10. Why: ATP is a crucially important molecule in biological systems - it plays many different roles. Here we want to review its role as an energy carrier and make sure we understand some of the basis of how “it works”.

How to practice: As discussed in the “book”, we often talk about the hydrolysis of ATP to ADP+Pi as an exergonic process. Your chemistry professor will correctly tell you that breaking bonds takes energy. How can both of these observations be true? What is the distinction between saying that we “hydrolyze ATP" and “breaking the phosphate bond” that makes both of the previous statements true? Why does the teaching staff take great pains to note the the “hydrolysis of certain bonds” is energetically favorable?

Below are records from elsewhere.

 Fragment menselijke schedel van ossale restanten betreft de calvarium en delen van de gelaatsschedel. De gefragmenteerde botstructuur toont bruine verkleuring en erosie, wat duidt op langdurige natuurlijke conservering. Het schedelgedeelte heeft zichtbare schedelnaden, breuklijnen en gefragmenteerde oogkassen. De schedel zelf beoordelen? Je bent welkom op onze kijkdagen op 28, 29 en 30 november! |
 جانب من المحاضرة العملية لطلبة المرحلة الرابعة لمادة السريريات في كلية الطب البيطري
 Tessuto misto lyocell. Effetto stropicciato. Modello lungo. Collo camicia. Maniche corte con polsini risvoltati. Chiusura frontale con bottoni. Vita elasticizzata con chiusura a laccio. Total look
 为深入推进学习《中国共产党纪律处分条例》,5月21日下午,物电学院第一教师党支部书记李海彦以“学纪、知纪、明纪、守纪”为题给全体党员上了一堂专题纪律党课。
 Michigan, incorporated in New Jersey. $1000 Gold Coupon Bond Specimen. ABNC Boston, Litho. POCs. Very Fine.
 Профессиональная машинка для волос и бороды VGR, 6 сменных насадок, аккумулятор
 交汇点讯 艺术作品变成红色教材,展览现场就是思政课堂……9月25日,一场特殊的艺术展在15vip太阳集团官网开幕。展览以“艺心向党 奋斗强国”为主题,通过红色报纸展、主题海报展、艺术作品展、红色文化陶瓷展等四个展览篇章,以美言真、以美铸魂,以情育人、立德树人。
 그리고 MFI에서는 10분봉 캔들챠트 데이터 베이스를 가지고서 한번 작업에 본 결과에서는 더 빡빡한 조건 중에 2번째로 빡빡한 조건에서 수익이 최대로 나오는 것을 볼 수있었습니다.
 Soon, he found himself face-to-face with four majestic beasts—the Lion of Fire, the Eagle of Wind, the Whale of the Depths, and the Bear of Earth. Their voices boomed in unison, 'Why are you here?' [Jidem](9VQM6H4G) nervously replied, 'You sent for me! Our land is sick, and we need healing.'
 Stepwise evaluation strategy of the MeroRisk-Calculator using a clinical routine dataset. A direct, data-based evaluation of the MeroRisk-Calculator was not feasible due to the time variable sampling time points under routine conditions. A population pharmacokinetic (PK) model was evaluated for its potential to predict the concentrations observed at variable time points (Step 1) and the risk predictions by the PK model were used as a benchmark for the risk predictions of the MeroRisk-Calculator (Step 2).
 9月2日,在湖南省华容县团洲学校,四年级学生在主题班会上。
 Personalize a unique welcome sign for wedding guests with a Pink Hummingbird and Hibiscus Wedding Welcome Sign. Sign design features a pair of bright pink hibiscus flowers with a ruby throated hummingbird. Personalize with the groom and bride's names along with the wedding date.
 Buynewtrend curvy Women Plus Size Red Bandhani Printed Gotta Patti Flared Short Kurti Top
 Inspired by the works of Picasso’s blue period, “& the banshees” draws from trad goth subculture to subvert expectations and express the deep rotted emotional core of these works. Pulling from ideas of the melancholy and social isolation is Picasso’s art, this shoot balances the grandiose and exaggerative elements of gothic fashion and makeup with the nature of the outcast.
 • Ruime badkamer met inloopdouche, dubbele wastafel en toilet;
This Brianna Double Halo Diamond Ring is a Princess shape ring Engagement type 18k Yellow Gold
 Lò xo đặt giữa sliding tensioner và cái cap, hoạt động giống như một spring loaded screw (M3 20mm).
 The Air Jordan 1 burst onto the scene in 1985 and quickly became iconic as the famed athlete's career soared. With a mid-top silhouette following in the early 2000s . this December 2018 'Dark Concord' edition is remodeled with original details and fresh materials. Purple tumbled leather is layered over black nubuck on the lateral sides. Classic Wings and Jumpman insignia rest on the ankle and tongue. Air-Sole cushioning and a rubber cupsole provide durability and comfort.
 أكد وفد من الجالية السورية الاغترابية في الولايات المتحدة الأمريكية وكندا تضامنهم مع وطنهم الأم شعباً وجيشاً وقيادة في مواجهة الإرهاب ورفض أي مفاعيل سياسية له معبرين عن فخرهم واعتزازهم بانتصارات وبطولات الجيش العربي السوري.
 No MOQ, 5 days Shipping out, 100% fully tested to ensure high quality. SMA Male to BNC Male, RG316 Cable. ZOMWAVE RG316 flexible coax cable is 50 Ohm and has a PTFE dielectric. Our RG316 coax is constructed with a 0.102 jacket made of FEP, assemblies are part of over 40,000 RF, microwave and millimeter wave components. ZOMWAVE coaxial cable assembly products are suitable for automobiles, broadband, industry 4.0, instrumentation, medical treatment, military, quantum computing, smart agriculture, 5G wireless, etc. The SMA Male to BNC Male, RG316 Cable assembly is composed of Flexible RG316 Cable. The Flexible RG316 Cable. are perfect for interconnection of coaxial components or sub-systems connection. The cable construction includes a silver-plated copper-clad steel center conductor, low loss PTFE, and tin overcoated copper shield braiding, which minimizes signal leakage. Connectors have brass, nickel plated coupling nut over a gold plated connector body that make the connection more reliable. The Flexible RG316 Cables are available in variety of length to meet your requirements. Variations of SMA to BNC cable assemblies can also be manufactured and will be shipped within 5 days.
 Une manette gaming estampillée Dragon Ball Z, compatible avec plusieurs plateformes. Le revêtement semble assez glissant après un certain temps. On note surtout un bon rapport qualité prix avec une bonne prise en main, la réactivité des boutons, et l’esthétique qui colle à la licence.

This exercise helps you practice learning objectives: ME.5 Explain the important contribution of water in determining the negative ΔG⁰’ of the hydrolysis of a phosphoanhydride bond in ATP.; MS.27 Identify the “high-energy” bonds in ATP. - These learning goals carry over from the previous lecture, but we’ll keep practicing here!

11. Why: Fermentation is a key process for recycling NADH into NAD⁺ and in the production of many

How to practice: In the reading assignments and in lecture, you were given the problem of figuring out what options the cell might reasonably have to re-oxidize the NADH to NAD⁺ in order to avoid consuming the available pools of NAD⁺ and thus stopping glycolysis. In today’s lecture we discussed one solution—fermentation.

1. What is your definition of fermentation? Does it relate to oxygen or to regenerating NAD⁺ pools?
2. Can fermentation happen in the presence of oxygen?.
3. Is fermentation the same thing as anaerobic respiration?
4. We will revisit this topic again so start thinking about it. Be aware that the last two parts of this question refer to a very common misconception.

This exercise helps you practice learning objectives:  ME.8 Create an “energy story” explaining the functional value of pyruvate reduction (fermentation) to a cell and its importance in regenerating the NAD⁺ pool.